(Beginning of Data listing)

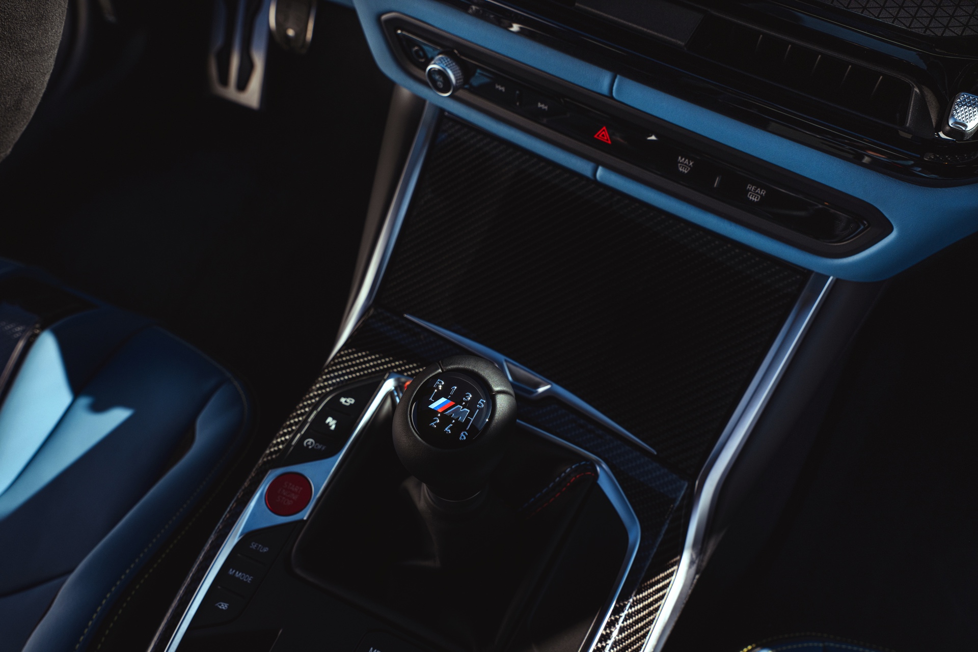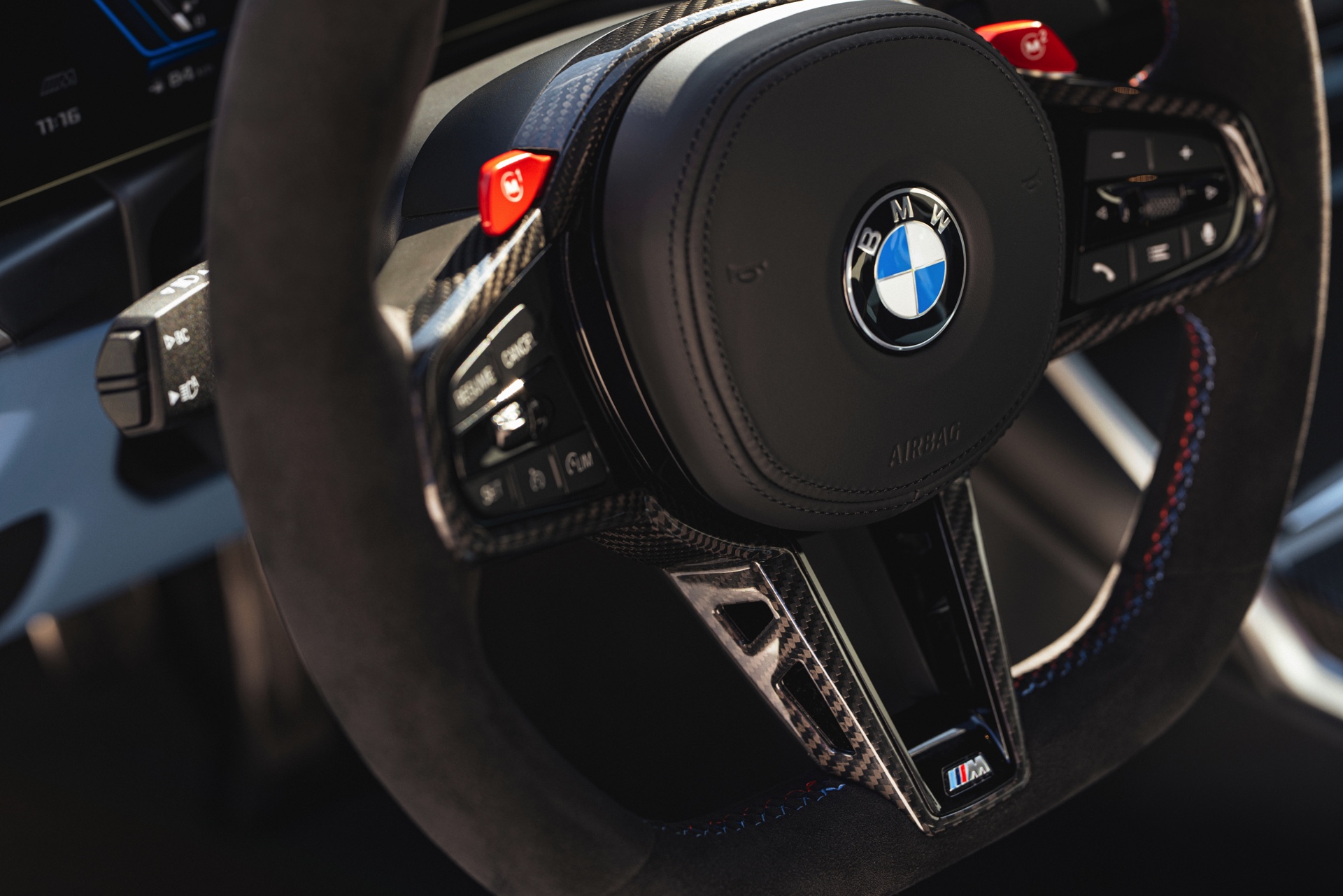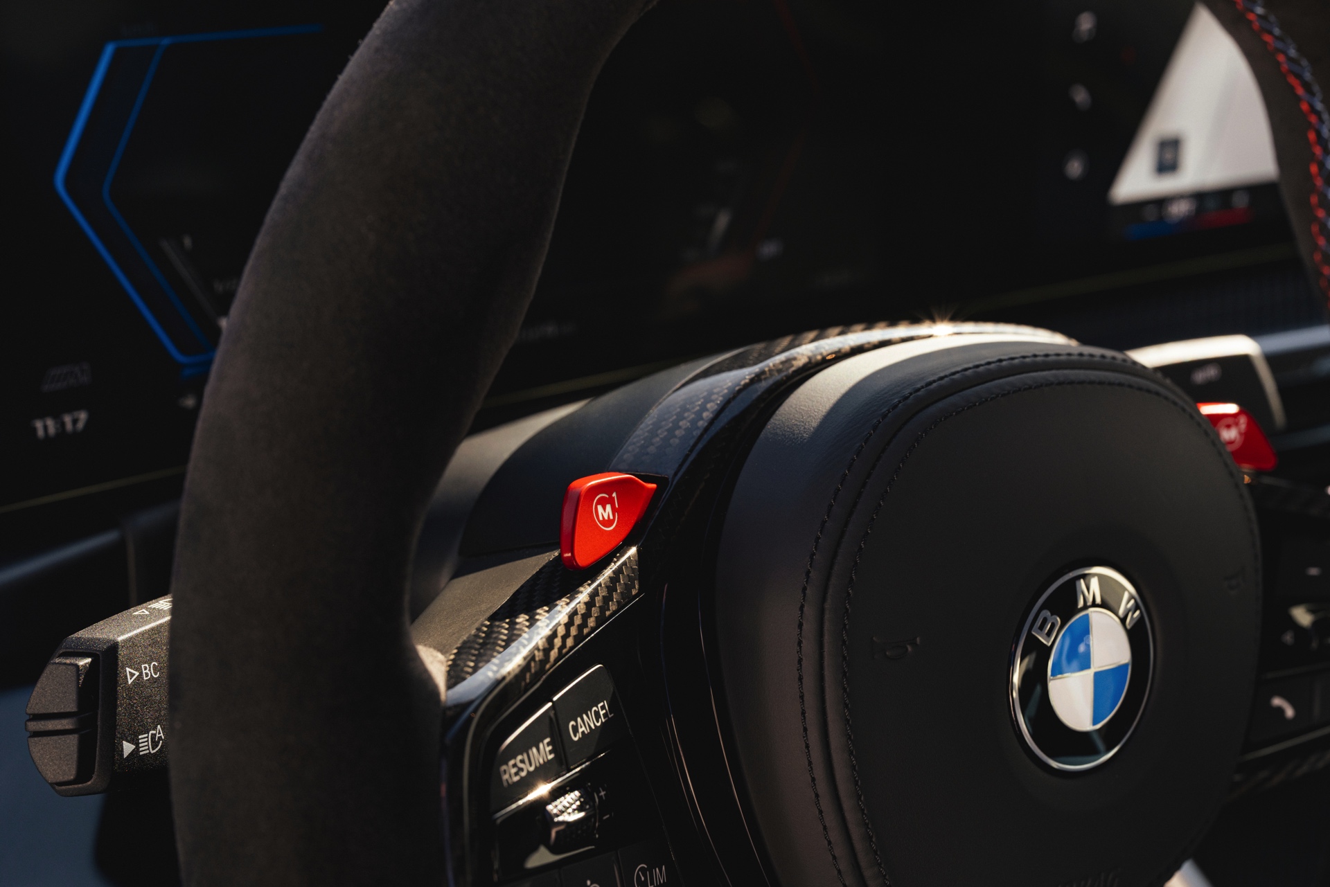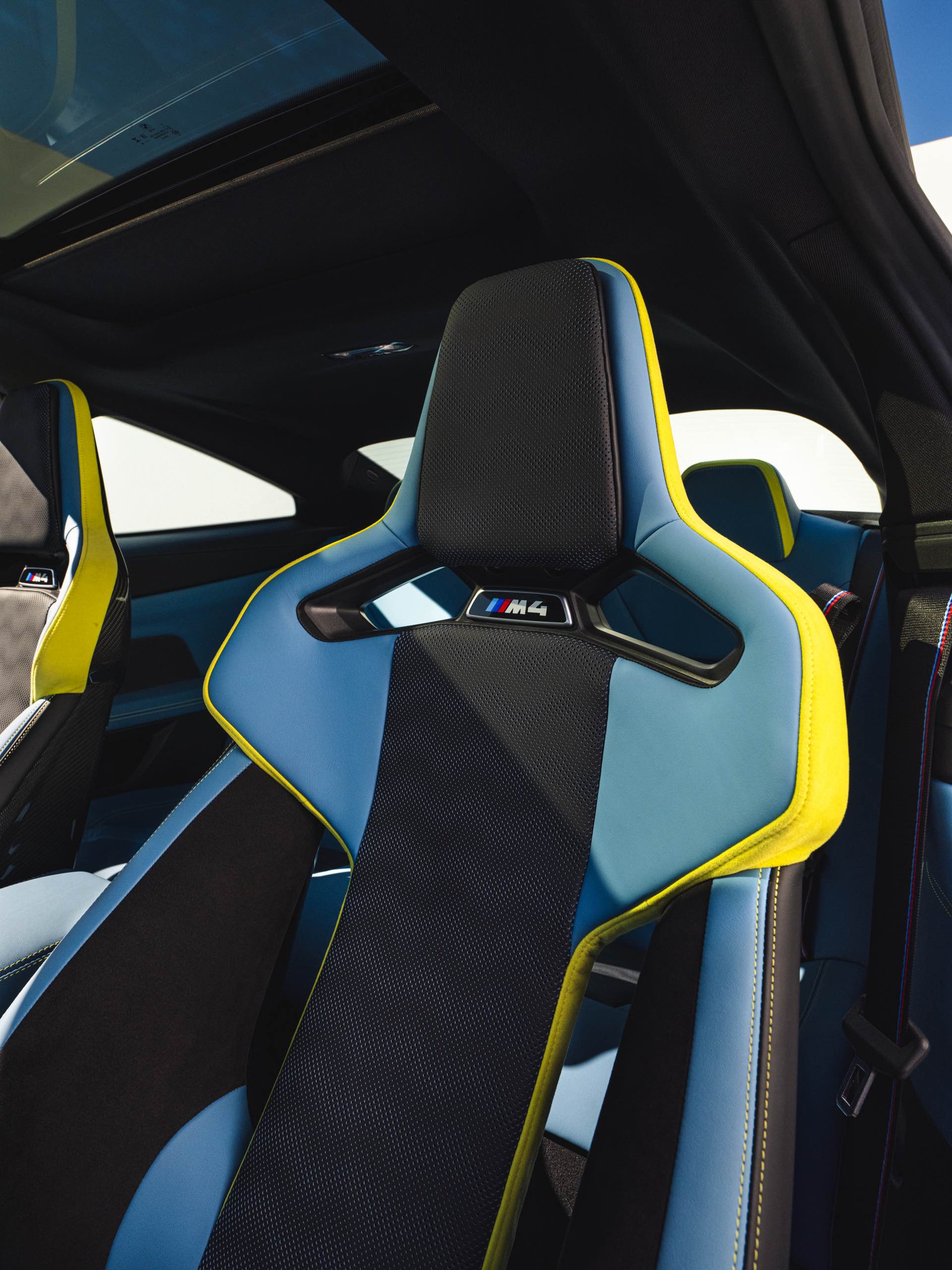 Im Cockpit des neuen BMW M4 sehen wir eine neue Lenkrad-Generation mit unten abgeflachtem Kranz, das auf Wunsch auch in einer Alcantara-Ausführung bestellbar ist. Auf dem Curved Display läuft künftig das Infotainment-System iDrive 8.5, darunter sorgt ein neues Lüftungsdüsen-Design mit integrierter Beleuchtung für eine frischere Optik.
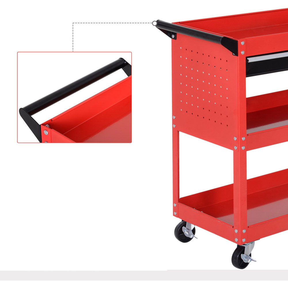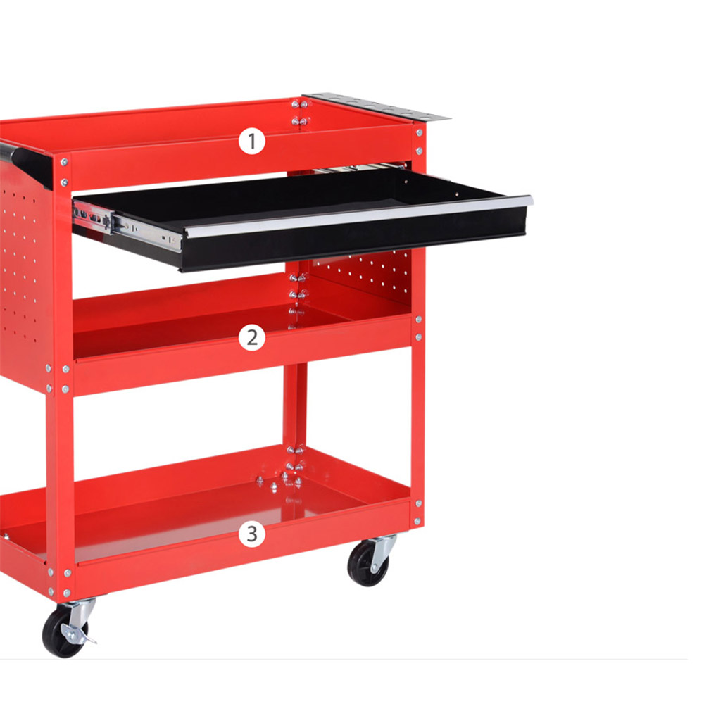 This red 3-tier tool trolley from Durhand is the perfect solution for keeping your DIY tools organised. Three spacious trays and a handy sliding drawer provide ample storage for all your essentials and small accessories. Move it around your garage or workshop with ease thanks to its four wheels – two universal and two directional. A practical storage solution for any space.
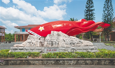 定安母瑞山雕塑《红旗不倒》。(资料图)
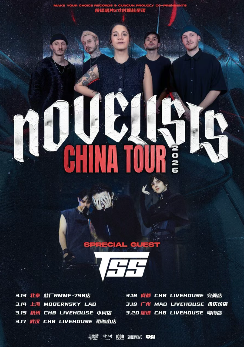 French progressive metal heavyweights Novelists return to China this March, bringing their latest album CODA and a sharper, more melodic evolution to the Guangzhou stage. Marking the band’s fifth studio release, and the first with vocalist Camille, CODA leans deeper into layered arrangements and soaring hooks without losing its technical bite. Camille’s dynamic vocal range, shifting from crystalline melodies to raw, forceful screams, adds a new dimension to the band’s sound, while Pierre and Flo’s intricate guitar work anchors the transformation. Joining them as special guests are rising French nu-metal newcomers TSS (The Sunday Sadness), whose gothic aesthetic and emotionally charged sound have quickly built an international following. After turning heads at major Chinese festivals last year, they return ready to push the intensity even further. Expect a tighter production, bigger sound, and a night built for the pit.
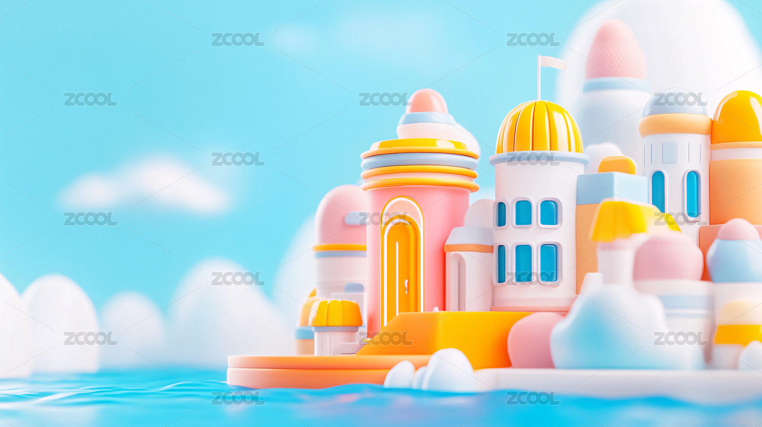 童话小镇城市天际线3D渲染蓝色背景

(End of Data listing)

Your instructions — The job here is to write out the records exactly, pictures excluded.

Solution to the exercise —
 Im Cockpit des neuen BMW M4 sehen wir eine neue Lenkrad-Generation mit unten abgeflachtem Kranz, das auf Wunsch auch in einer Alcantara-Ausführung bestellbar ist. Auf dem Curved Display läuft künftig das Infotainment-System iDrive 8.5, darunter sorgt ein neues Lüftungsdüsen-Design mit integrierter Beleuchtung für eine frischere Optik.
 This red 3-tier tool trolley from Durhand is the perfect solution for keeping your DIY tools organised. Three spacious trays and a handy sliding drawer provide ample storage for all your essentials and small accessories. Move it around your garage or workshop with ease thanks to its four wheels – two universal and two directional. A practical storage solution for any space.
 定安母瑞山雕塑《红旗不倒》。(资料图)
 French progressive metal heavyweights Novelists return to China this March, bringing their latest album CODA and a sharper, more melodic evolution to the Guangzhou stage. Marking the band’s fifth studio release, and the first with vocalist Camille, CODA leans deeper into layered arrangements and soaring hooks without losing its technical bite. Camille’s dynamic vocal range, shifting from crystalline melodies to raw, forceful screams, adds a new dimension to the band’s sound, while Pierre and Flo’s intricate guitar work anchors the transformation. Joining them as special guests are rising French nu-metal newcomers TSS (The Sunday Sadness), whose gothic aesthetic and emotionally charged sound have quickly built an international following. After turning heads at major Chinese festivals last year, they return ready to push the intensity even further. Expect a tighter production, bigger sound, and a night built for the pit.
 童话小镇城市天际线3D渲染蓝色背景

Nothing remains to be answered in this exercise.